In the ideal case: Key → Hash Function → Index → Value (O(1) lookup)
The challenge is handling collisions—when two different keys hash to the same index.
Hash Functions
A good hash function distributes keys uniformly across the array. Properties:
- Deterministic: Same key always produces same hash
- Fast: Computing the hash should be quick
- Uniform: Keys spread evenly across all buckets
Common hash functions:
- Division method: h(k) = k mod m (choose m as prime, not power of 2)
- Multiplication method: h(k) = floor(m(kA mod 1)) where A is constant
- Universal hashing: Randomize hash function to prevent worst-case behavior
For strings, algorithms like FNV or MurmurHash perform well.
Collision Resolution
When two keys collide, we need a strategy:
Chaining (Separate Linking)
Each bucket is a linked list. Collisions just add to the list.
Pros: Simple, handles arbitrary load factor, delete is easy Cons: Cache performance poor, worst-case O(n)
Load factor (α): n/m = number of elements / number of buckets. Keep α < 0.75 for good performance.
Open Addressing
All elements stored in the table itself. On collision, probe for another slot.
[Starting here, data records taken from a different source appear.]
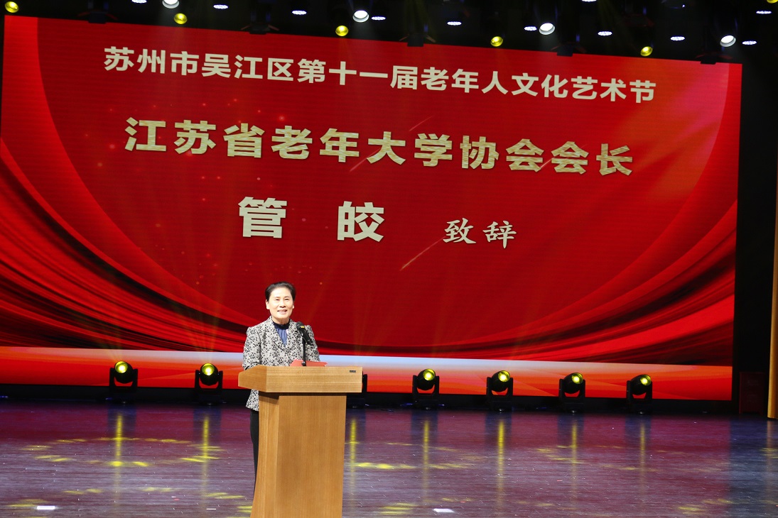 今年,广大老年朋友们通过歌舞、征文、书画、摄影等一系列丰富多彩的文化艺术活动,用歌声传递喜悦,用舞姿展现活力,用笔墨挥洒豪情,用巧手创造美好,生动描绘了当代老年人健康向上、乐享生活的精神风貌。吴江区这样充满活力、富有成效的老年人文化艺术活动,正是我们全省老年大学系统所倡导和追求的目标。希望吴江区老年大学不断巩固全国老年大学标准示范校创建成果,在推动我省老年教育高质量发展进程中走在前、当表率、做示范,共同推动我省老年教育事业与老年文化事业的繁荣发展。
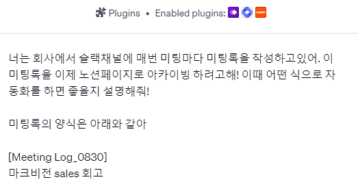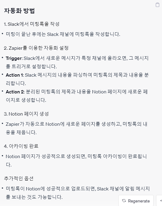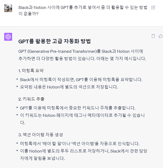 이제 ‘미팅록 자동정리’을 이야기해 보고자 합니다. 저희는 미팅 진행 시 빠르게 내용을 정리해서 슬랙의 채널에 업로드합니다. 다만, 미팅의 내용이 많아지다 보니, 이를 노션으로 아카이빙 하고자 하는 니즈가 발생했어요! 이제, 위 상황을 구체적으로 GPT에게 설명하고, 자동화 방법을 물어보면 됩니다. 아래와 같이 대충 상황만 물어봐도 자세히 답변해 줍니다.
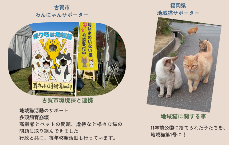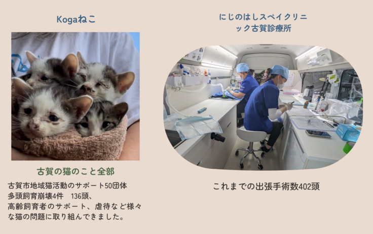 団体を立ち上げて1年、これまで454頭の避妊去勢手術を行いました。16年前より個人で活動をはじめ、2年後保護猫CaféMOCAをオープン。Kogaねことして古賀市内外を中心に2,000頭の不妊手術をしてきました。保護した頭数は850頭 地域猫活動のサポート50団体、多頭飼育崩壊4件136頭、高齢者とペットの問題、虐待など様々な猫の問題に取り組んでいます。
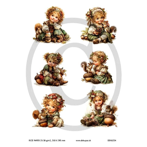 1 kép Rizspapír - vintage kislány mókussal, makkal
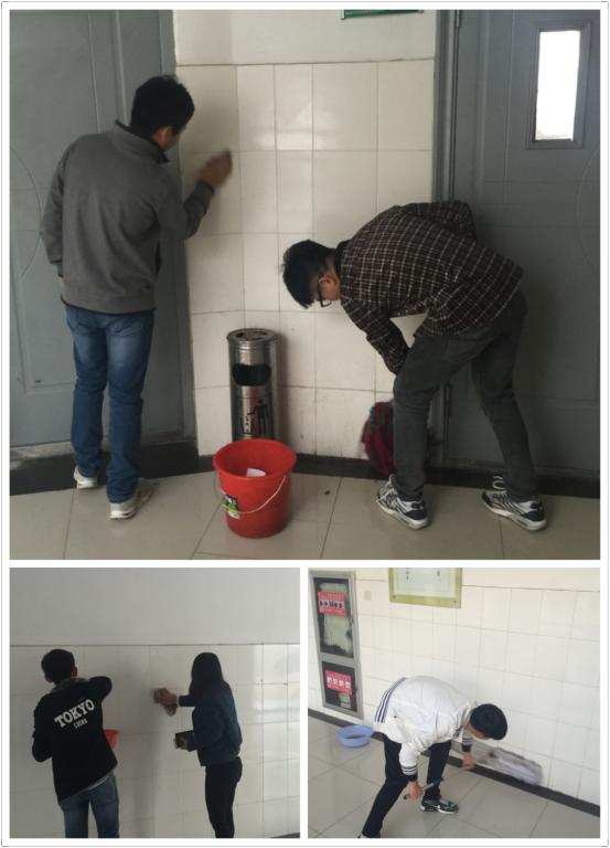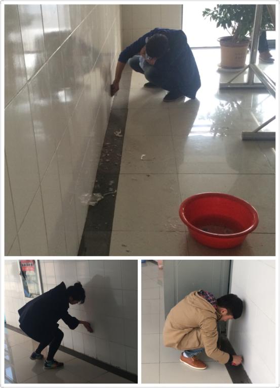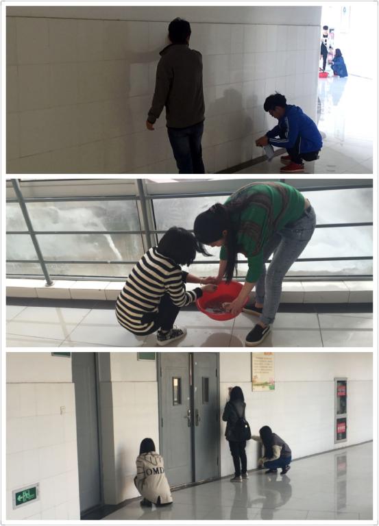 本次清扫的重点是走廊墙壁和楼梯,清理墙面及墙角的污渍。经过分工后,同学们便有条不紊的分组行动起来。鉴于墙壁的不易擦拭,学生们用清洁球和小铲子对污垢进行清洗。

Linear probing: Check next slot: h(k), h(k)+1, h(k)+2… Quadratic probing: Check slots with quadratic spacing Double hashing: Use second hash function for probe sequence
Pros: Better cache performance, no pointers Cons: Clustering issues, delete is tricky
Resizing and Rehashing
When load factor exceeds threshold (typically 0.7), resize the table:
- Create new, larger table (typically 2x size)
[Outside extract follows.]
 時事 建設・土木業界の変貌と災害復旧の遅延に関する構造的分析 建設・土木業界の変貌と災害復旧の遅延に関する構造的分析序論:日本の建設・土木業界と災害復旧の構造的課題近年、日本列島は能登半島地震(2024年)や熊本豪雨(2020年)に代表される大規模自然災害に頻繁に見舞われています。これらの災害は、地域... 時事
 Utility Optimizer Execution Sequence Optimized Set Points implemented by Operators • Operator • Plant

- Rehash all elements into new table
- Use new hash function
This is expensive (O(n)) but happens infrequently. Amortized cost remains O(1).
Practical Implementations
Python dict: Uses open addressing with randomized seeds. Keys must be hashable.
Java HashMap: Uses chaining with treeify threshold (JDK 8+ converts linked list to red-black tree for long chains).
Go map: Uses open addressing with random iteration order.
Rust HashMap: Uses SipHash for DoS resistance.
Handling Unhashable Keys
Some keys can’t be hashed (lists, dicts). Solutions:
- Convert to immutable equivalent (tuple)
- Use custom hash based on content
- Use identity hash
Advanced Topics
Consistent hashing: Used in distributed systems (Cassandra, DynamoDB). Minimizes reshuffling when adding/removing servers.
Bloom filters: Use multiple hash functions for membership testing (covered in earlier article).
Perfect hashing: Two-level scheme guaranteeing O(1) worst-case for static sets.
When to Use Hash Tables
Use when: Fast lookup by key is primary operation, keys are simple types, memory is available.
Avoid when: Ordered iteration matters (use tree), keys are complex objects, memory is tight.
Performance Considerations
- Time complexity: Average O(1) lookup/insert/delete, worst O(n) with poor hash function
- Space complexity: O(n) for stored elements plus overhead
- Cache: Chaining is cache-unfriendly; open addressing is better
- Thread safety: Not thread-safe; use concurrent implementations
Hash Function Design Deep Dive
Division Method
h(k) = k mod m
Choosing m is critical. Prime numbers far from powers of 2 distribute keys best. For example, m = 10007 (a prime) typically distributes integer keys more uniformly than m = 10000.
def division_hash(key, table_size):
return key % table_size
Drawback: Certain patterns in keys (e.g., all multiples of m) produce worst-case clustering.
Multiplication Method
h(k) = floor(m (kA mod 1)) where A is a constant in (0, 1)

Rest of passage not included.